== Problem description ==
When you reach the line containing "1.Trong thời gian" in the entries below, start writing out each line exactly, and stop after the line containing "The plate is".

== Data ==
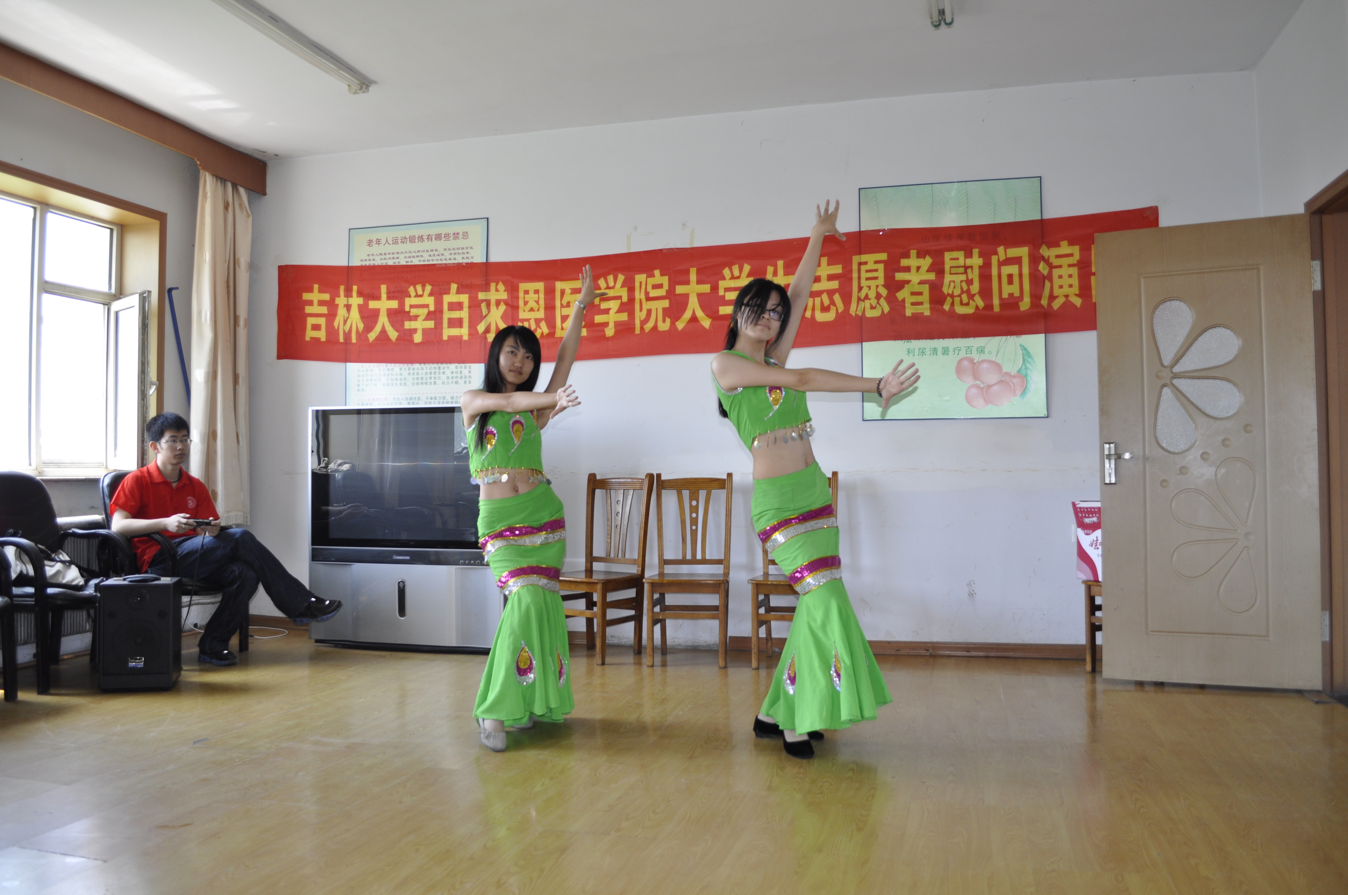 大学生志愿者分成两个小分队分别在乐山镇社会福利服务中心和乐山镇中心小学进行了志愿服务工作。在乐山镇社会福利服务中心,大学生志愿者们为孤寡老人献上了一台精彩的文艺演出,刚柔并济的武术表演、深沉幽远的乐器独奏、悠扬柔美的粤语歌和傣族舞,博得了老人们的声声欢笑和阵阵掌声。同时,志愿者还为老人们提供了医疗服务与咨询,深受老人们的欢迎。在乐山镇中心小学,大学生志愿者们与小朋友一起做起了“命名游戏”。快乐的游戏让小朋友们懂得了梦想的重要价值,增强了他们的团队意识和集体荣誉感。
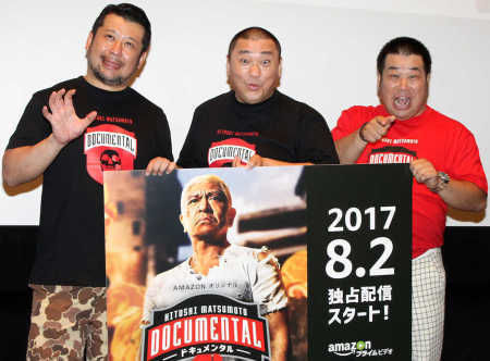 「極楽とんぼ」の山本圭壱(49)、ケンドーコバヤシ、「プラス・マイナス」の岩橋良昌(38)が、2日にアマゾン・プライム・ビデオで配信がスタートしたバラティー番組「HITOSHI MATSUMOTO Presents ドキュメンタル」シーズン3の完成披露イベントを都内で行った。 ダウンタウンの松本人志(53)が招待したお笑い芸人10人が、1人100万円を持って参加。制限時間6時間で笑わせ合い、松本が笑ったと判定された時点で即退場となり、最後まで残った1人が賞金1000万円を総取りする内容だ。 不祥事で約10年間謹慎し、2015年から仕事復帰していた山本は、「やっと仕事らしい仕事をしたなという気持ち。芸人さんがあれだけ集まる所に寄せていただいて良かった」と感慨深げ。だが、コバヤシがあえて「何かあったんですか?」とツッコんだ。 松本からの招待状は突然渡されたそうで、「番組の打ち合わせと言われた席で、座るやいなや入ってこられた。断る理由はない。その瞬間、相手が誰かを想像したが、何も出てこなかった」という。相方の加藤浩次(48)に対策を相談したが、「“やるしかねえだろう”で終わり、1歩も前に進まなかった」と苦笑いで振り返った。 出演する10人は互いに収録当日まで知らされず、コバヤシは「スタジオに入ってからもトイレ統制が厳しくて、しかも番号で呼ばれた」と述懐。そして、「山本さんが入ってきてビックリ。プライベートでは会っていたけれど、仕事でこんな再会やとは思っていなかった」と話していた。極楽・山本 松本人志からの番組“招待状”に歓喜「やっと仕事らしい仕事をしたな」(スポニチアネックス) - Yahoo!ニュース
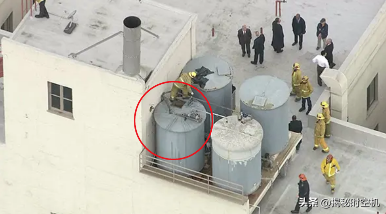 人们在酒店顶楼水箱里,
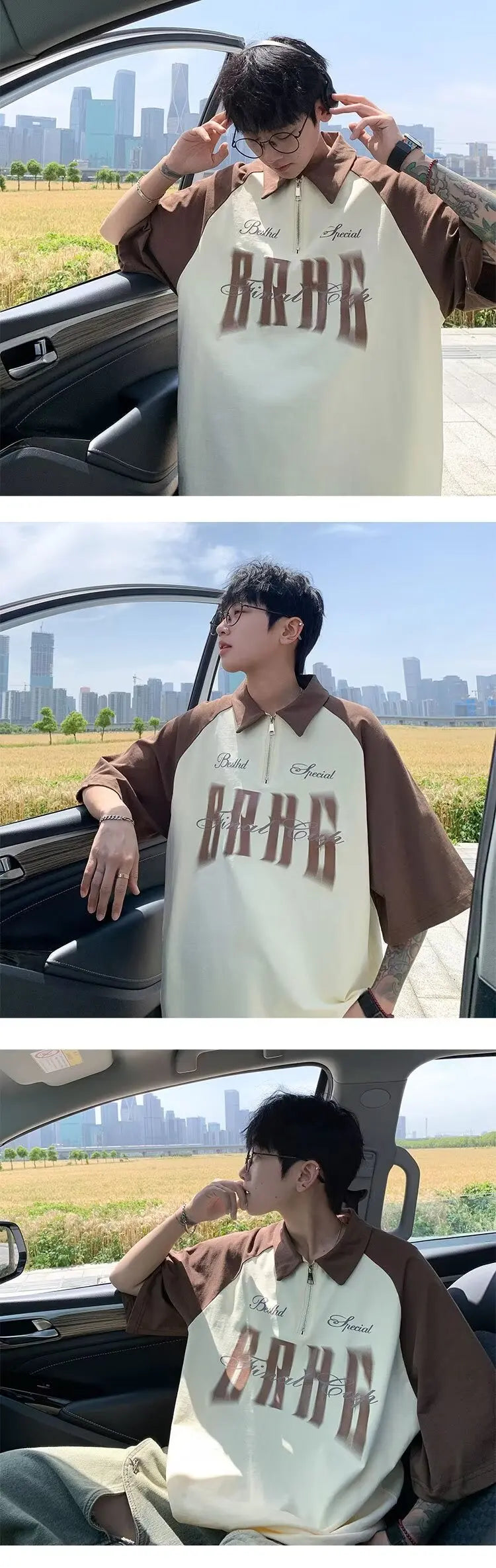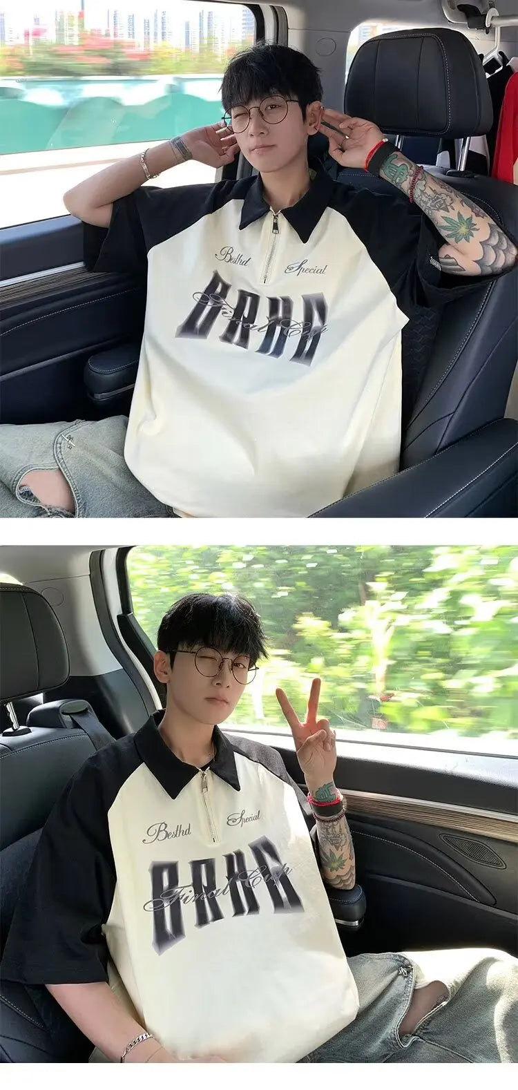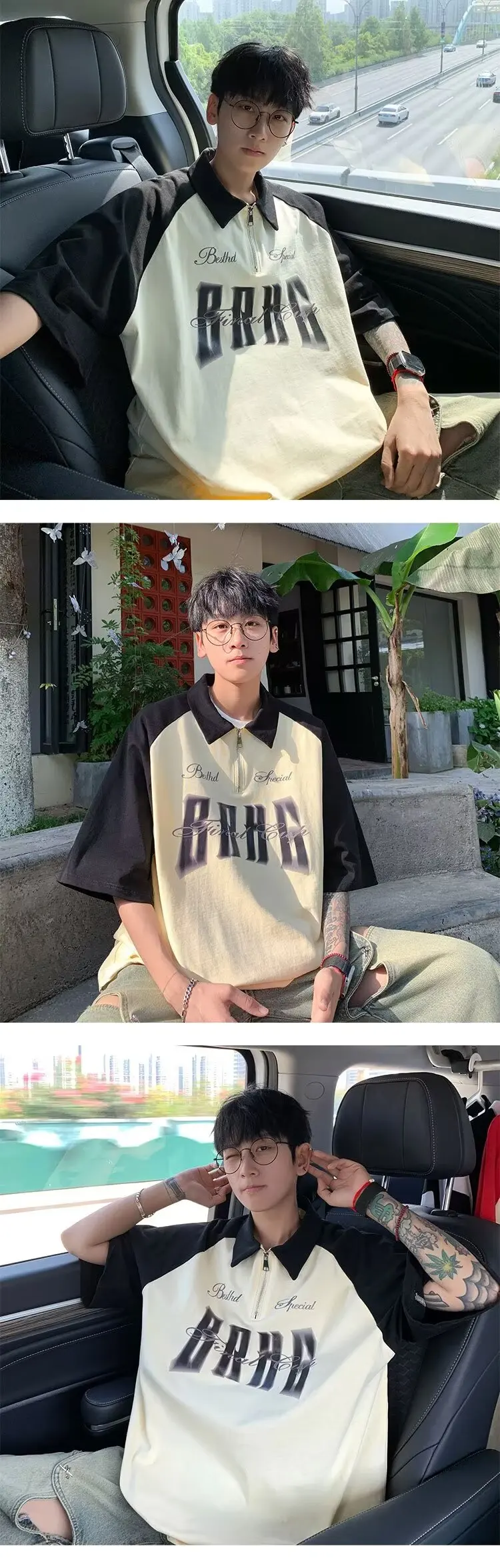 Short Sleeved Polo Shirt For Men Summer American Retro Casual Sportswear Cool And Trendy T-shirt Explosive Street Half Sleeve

--

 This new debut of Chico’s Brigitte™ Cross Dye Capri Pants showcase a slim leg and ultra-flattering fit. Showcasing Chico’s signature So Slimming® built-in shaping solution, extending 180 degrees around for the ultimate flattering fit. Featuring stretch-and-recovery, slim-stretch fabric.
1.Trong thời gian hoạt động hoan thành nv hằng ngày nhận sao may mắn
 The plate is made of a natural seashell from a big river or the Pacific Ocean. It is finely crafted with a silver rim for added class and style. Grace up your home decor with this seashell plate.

...

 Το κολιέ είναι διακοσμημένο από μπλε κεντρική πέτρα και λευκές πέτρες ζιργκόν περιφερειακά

== Response box ==
1.Trong thời gian hoạt động hoan thành nv hằng ngày nhận sao may mắn
 The plate is made of a natural seashell from a big river or the Pacific Ocean. It is finely crafted with a silver rim for added class and style. Grace up your home decor with this seashell plate.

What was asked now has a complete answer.